> **Given information**:
*****

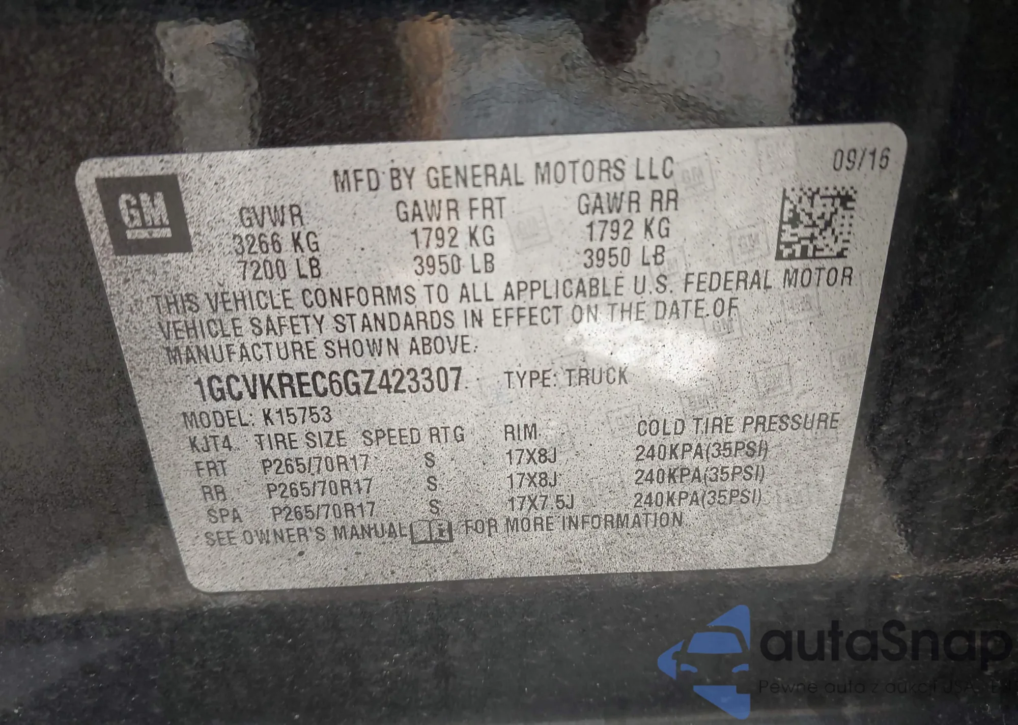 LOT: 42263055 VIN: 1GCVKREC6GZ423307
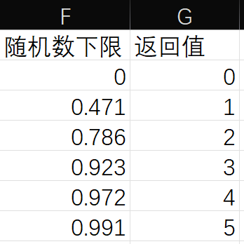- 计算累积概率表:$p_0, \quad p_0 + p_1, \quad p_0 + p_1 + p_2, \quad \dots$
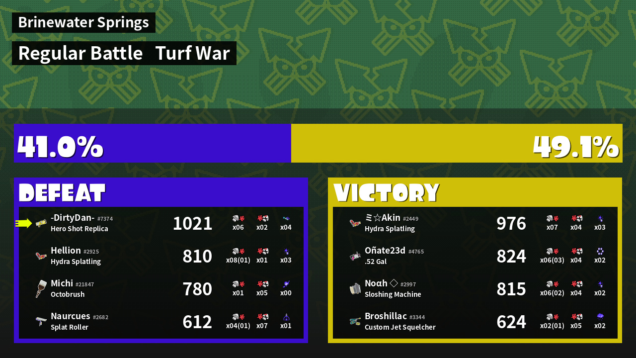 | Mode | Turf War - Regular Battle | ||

*****

> **To do**:
Set the listing down again exactly, skipping each picture.

> **Output**:
 LOT: 42263055 VIN: 1GCVKREC6GZ423307
- 计算累积概率表:$p_0, \quad p_0 + p_1, \quad p_0 + p_1 + p_2, \quad \dots$
 | Mode | Turf War - Regular Battle | ||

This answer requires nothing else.